* YOUR OBJECTIVE *
Nothing except the pictures should be left out when you reproduce the listing exactly.
:: PROVIDED DATA ::
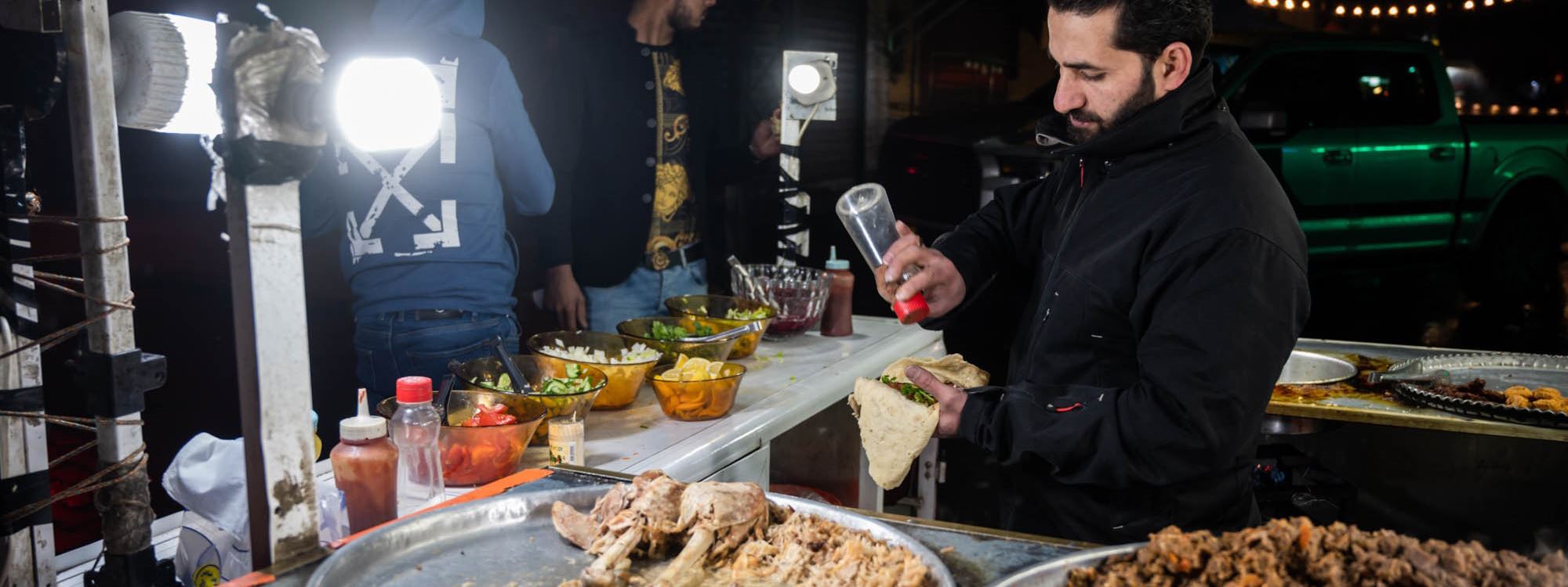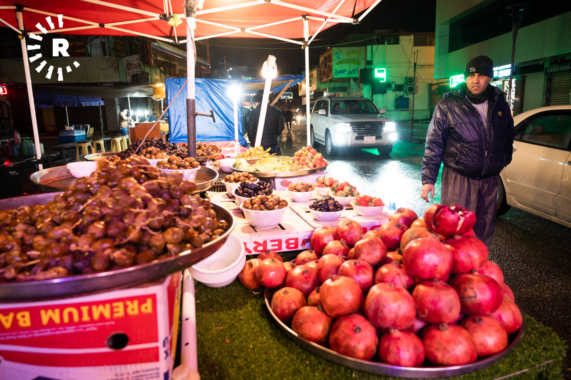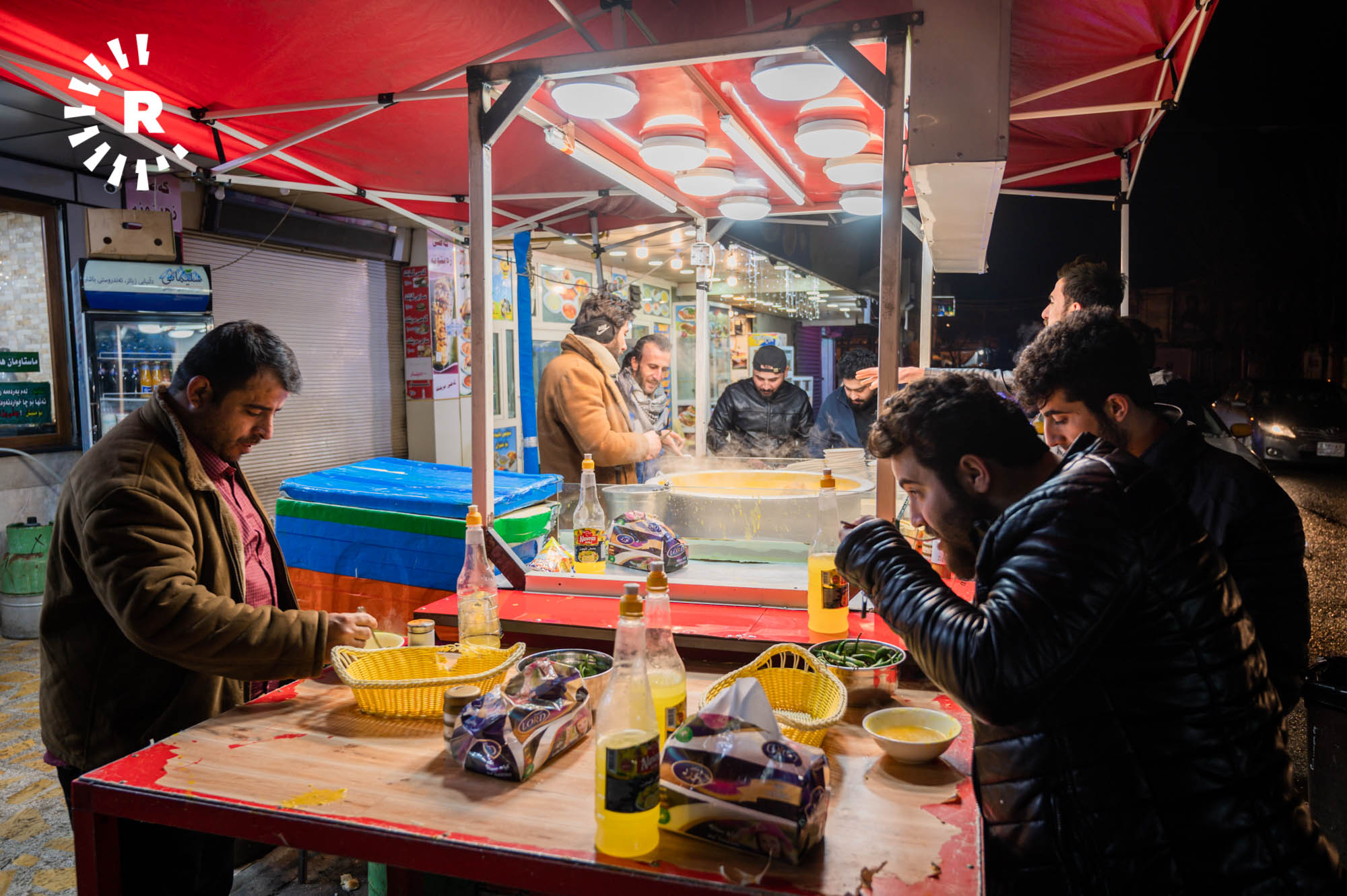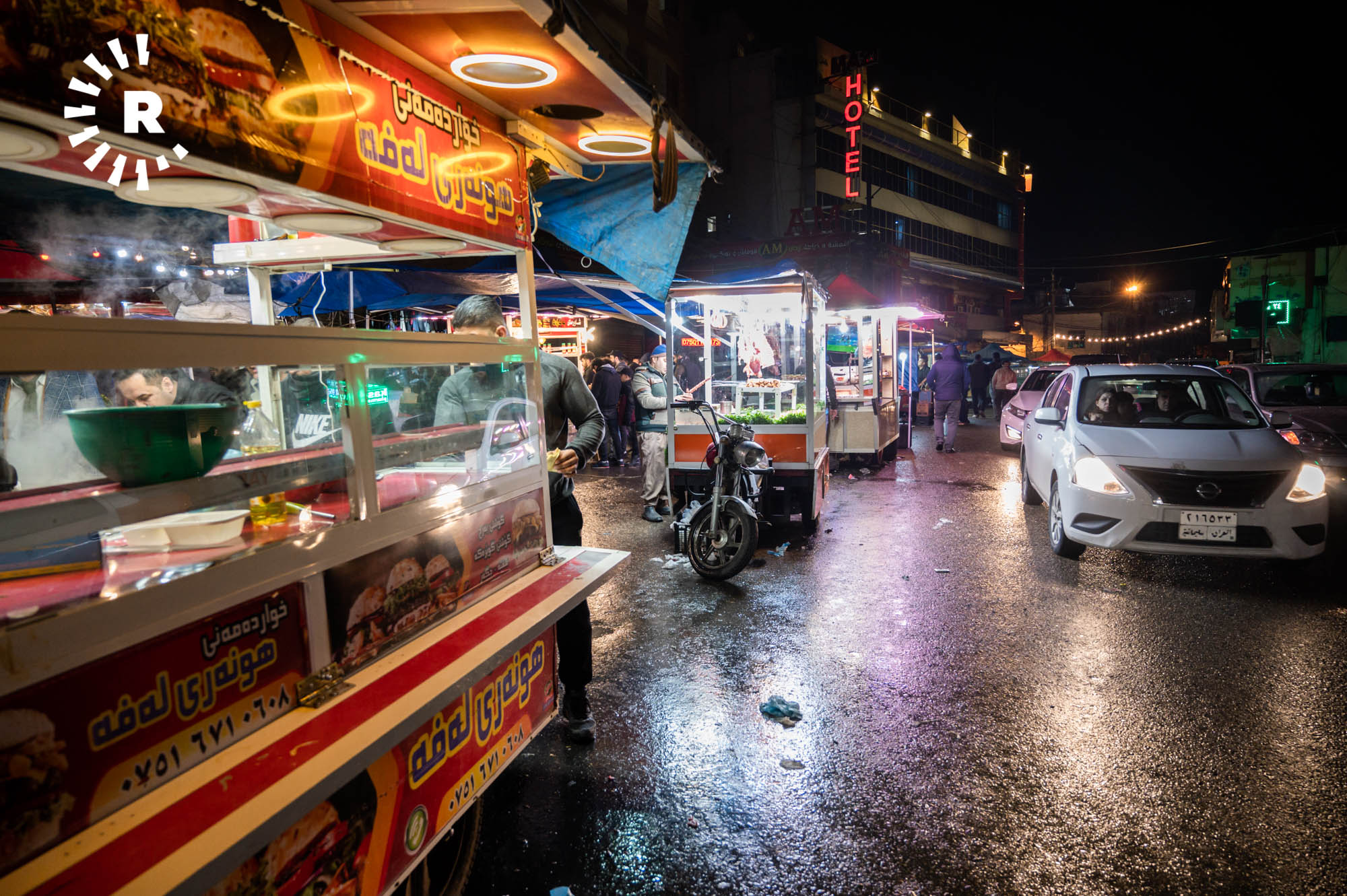 Some visitors, including tourists, simply stop by for a glass of chai and to soak up the atmosphere. Hunar Ali, who runs a shawarma kitchen, told Rudaw visitors can buy food throughout the night thanks to the busy street market.
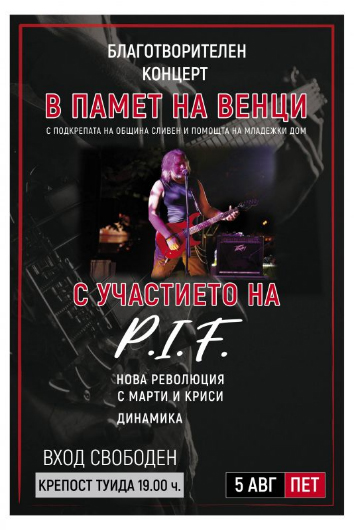 Благотворителен концерт в памет на Венцислав Василев – Венци от Нова Революция и Димо от P.I.F ще се проведе този петък, 5 август, на откритата сцена на Късноантична и средновековна крепост „Туида“.
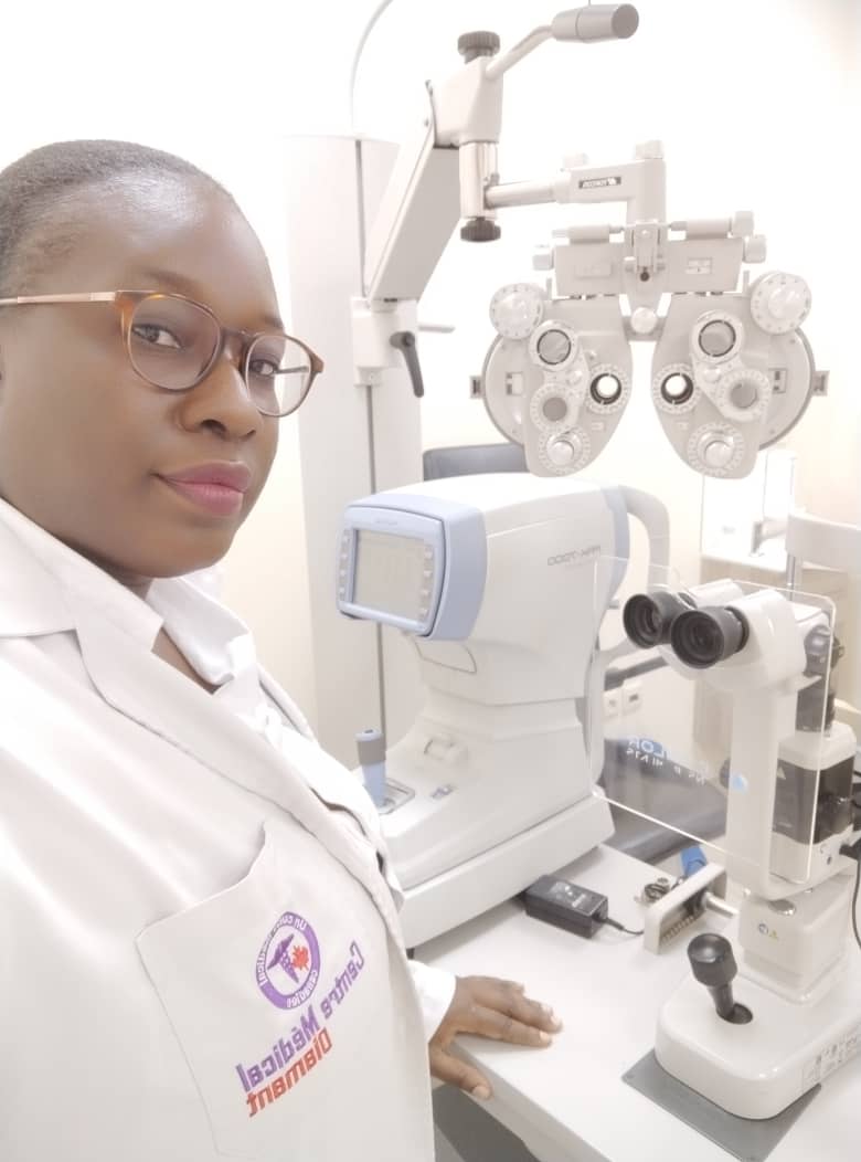Travail actuellement clinique IMTEC (institut des maladies de la tête et du cou), docteur Mar Ndiaye (ophtalmologue) comme orthoptiste
:::
* SOLUTION TO THE PROBLEM *
 Some visitors, including tourists, simply stop by for a glass of chai and to soak up the atmosphere. Hunar Ali, who runs a shawarma kitchen, told Rudaw visitors can buy food throughout the night thanks to the busy street market.
 Благотворителен концерт в памет на Венцислав Василев – Венци от Нова Революция и Димо от P.I.F ще се проведе този петък, 5 август, на откритата сцена на Късноантична и средновековна крепост „Туида“.
Travail actuellement clinique IMTEC (institut des maladies de la tête et du cou), docteur Mar Ndiaye (ophtalmologue) comme orthoptiste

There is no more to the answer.